Every line below from the one with "What will the" through the one with "ストックは、PDWタイプコラ" should be retyped exactly, both ends included; no other lines and no pictures.

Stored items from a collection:
Start of Block

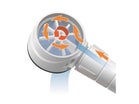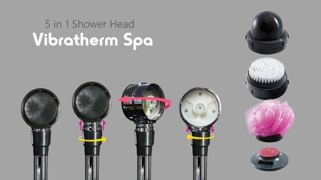一般的なシャワーヘッドは、「水が出るだけ」ですが、ビブラテルム スパはシャワーだけじゃなく、流水によるヘッド内のスクリューの回転軸を原動力として振動バイブや回転ブラシや角質除去などのビューティースパ機能を持ち、一つの装置なのに1台5役の斬新なシャワーヘッドなのです。
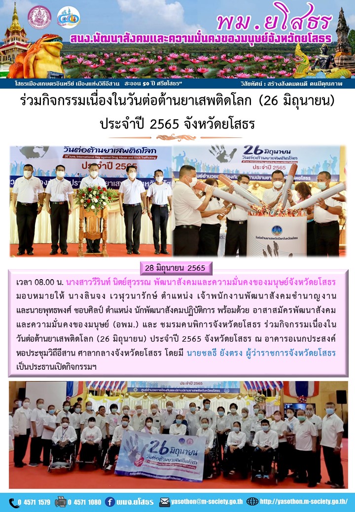 ร่วมกิจกรรมเนื่องใน วันต่อต้านยาเสพติดโลก (26 มิถุนายน) ประจำปี 2565 จังหวัดยโสธร (28 มิถุนายน 2565)
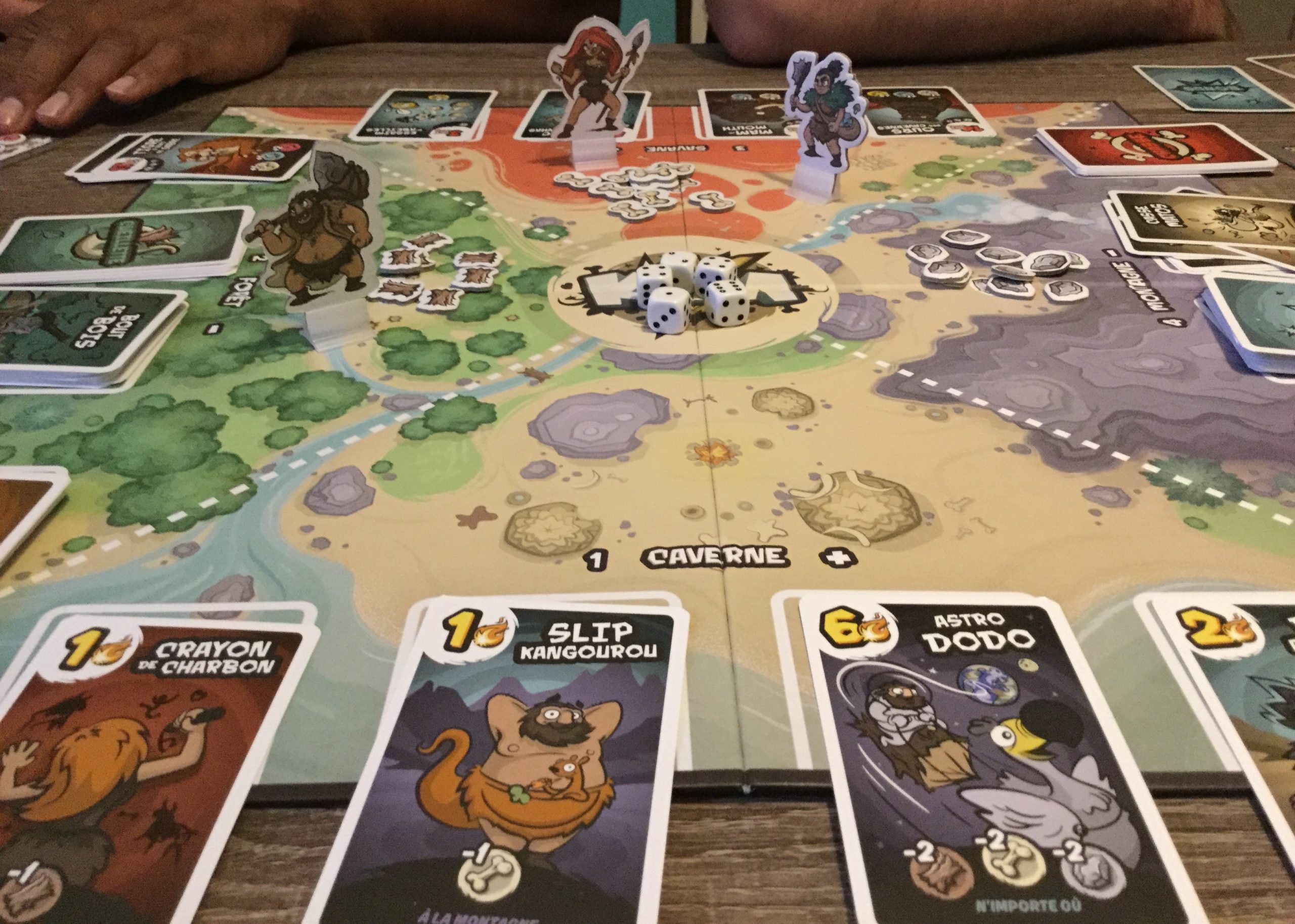 Vous allez donc devoir montrer aux autres que vous savez prendre les bonnes décisions et faire évoluer votre tribu. Le but est d’obtenir 10 points d’évolution que l’on récolte en achetant des kartes évolutions de diverses valeurs. Généralement on les achète contre des ressources (Pierre, bois, os, kroms) et dans des plus ou moins grandes proportions suivant la valeur de la karte évolution visée.
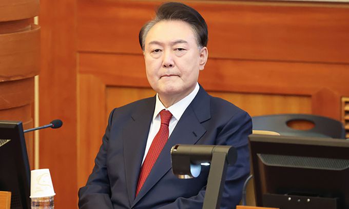 윤석열 대통령이 지난 13일 서울 종로구 헌법재판소 대심판정에서 열린 윤석열 대통령 탄핵심판 8차 변론기일에 출석해 있다. 연합뉴스
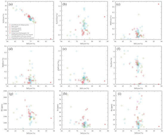Plots of SiO2 vs. (a) Al2O3; (b) Fe2O3T; (c) MnO; (d) MgO; (e) CaO; (f) Na2O; (g) Rb; (h) Sr; and (i) Ba for the Tongtianmiao granitic rocks and other intrusions in the Xianghualing ore field (data obtained from previous research [7,8,11,18]).
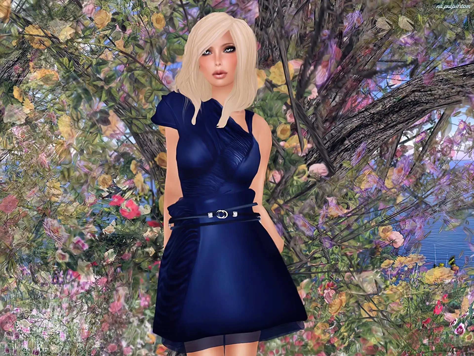 Grafika, Ogród, Kobieta, Kwiaty
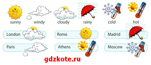 What will the weather be like tomorrow? Look and say. – Какая будет завтра погода? Посмотри и скажи.
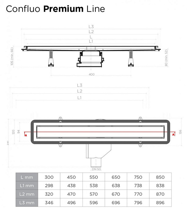 Душевой лоток Pestan Confluo Premium Line 950
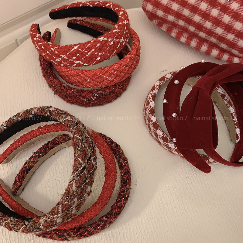 红色发箍~新年小香风粗花呢高颅顶格纹头箍秋冬高级感发饰头饰潮
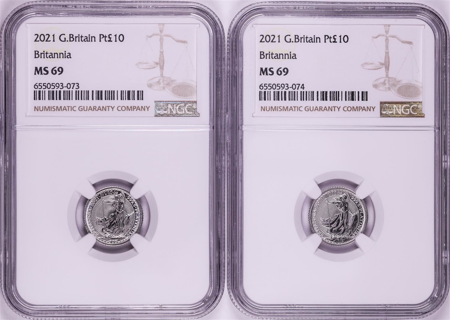 One Lot of (2) 2021 Great Britain 10 Pounds Britannia 1/10oz Platinum Coins NGC MS69. NGC Certified.
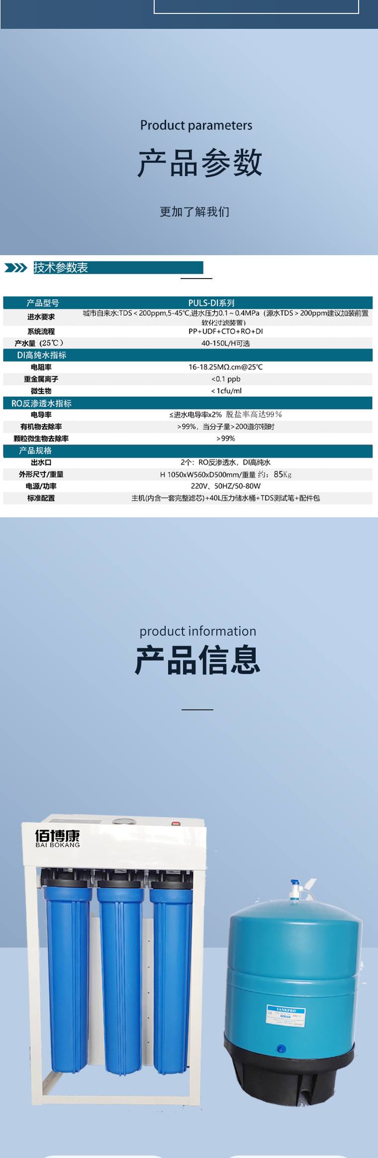 生化仪配套纯水机 多种规格水箱可配 国货好品牌 佰博康
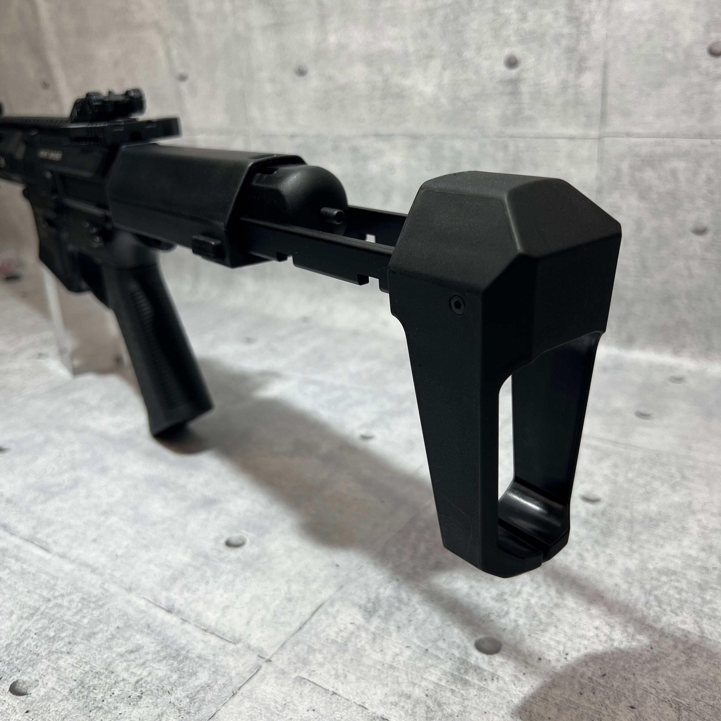 ストックは、PDWタイプコラプシブルストックを標準装備。ストックポジションを3段階で調整ができ、コンパクト性を両立しつつ体型や射撃姿勢に応じた快適なシューティングが可能となります。
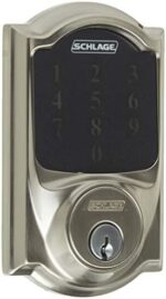 Touch Screen keypad and lock cylinder on exterior and thumb turn interior. Door thickness range is 1.37 to 1.75 standard
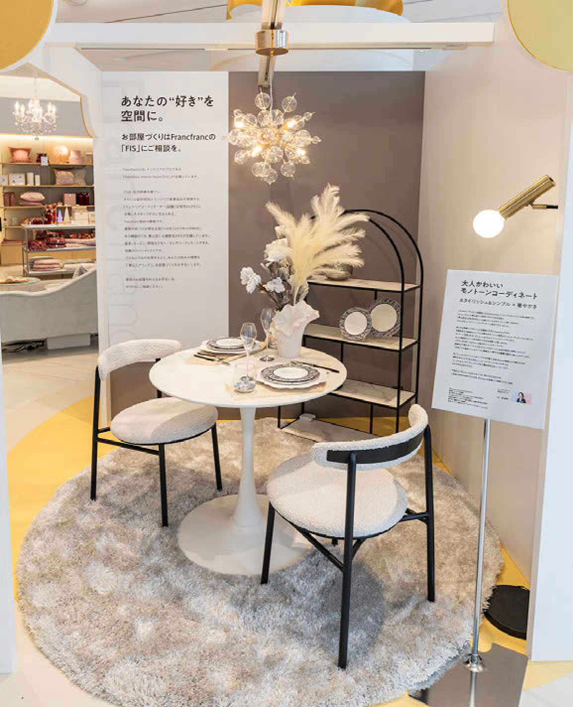 オブジェ裏にはフランフランのインテリア専門スタッフFISによるコーディネート相談を紹介する掲示を設置。パネルでは「大人かわいいモノトーンコーディネート」をテーマに組んだインテリア例について、視覚だけでは伝わりにくいポイントを言語化してその魅力を提示。担当スタッフの写真入りで紹介している。
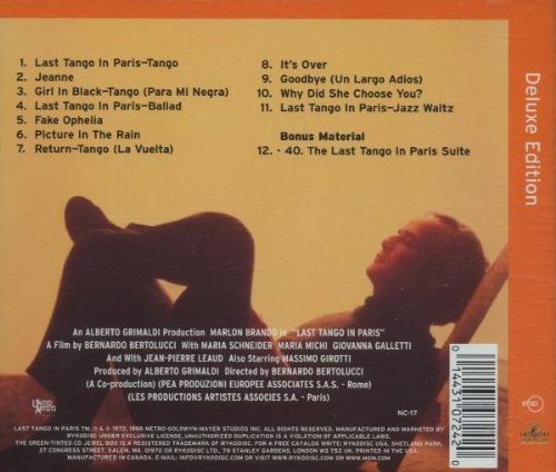 Details: Amazon.ca Steeped in controversy upon its release in 1973, director Bernardo Bertolucci's Last Tango in Paris has since been called everything from nonutilitarian pornography to a cinematic masterpiece. Two key elements that Bertolucci utilized to breath life into Tango's nihilistic themes and the dark, obsessive relationship at its core were Marlon Brando's harrowing, largely improvised performance and the erotically charged jazz score of self-taught Latin sax virtuoso Gato Barbieri. While the musician's main theme has become a much-covered jazz standard, it's but a tantalizingly sexy sample of the cross-cultural stylings at work in this masterful score. While Barbieri rerecorded the core of his Tango music in lush, fleshier arrangements for the soundtrack album's initial release, this Ryko edition (nearly twice the length of the original) augments those tracks with a compelling half-hour suite of cues culled directly from the film's scoring sessions. By turns stark and sentimental, erotic and experimental, these previously unreleased cues form a revelatory new "second movement" to Barbieri's hauntingly familiar score. --Jerry McCulley
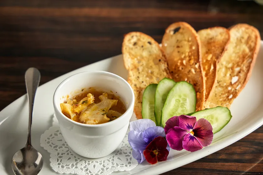 アワビとハワイアンチリペッパーバターのココット ハニートースト添え
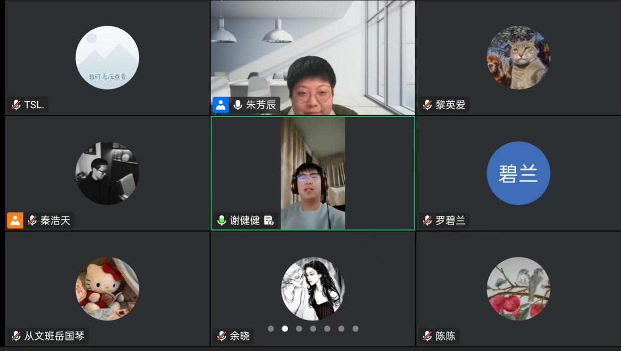 提问环节氛围热烈,学子们踊跃开麦交流,谢健健逐一耐心解答疑问。在随后的作品评鉴环节中,谢健健针对同学们提前提交的5至6组诗歌作品进行了细致点评,搭建起了作家与学子间的良性创作反馈渠道。自由对话环节中,参与者们围绕主题及作品评鉴内容展开延伸交流,交流思辨间碰撞出鲜活的思想火花。
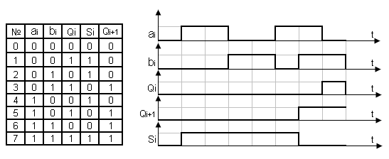 Таблица истинности и временные диаграммы сумматора:

End of Block

» **Completed task**:
 What will the weather be like tomorrow? Look and say. – Какая будет завтра погода? Посмотри и скажи.
 Душевой лоток Pestan Confluo Premium Line 950
 红色发箍~新年小香风粗花呢高颅顶格纹头箍秋冬高级感发饰头饰潮
 One Lot of (2) 2021 Great Britain 10 Pounds Britannia 1/10oz Platinum Coins NGC MS69. NGC Certified.
 生化仪配套纯水机 多种规格水箱可配 国货好品牌 佰博康
 ストックは、PDWタイプコラプシブルストックを標準装備。ストックポジションを3段階で調整ができ、コンパクト性を両立しつつ体型や射撃姿勢に応じた快適なシューティングが可能となります。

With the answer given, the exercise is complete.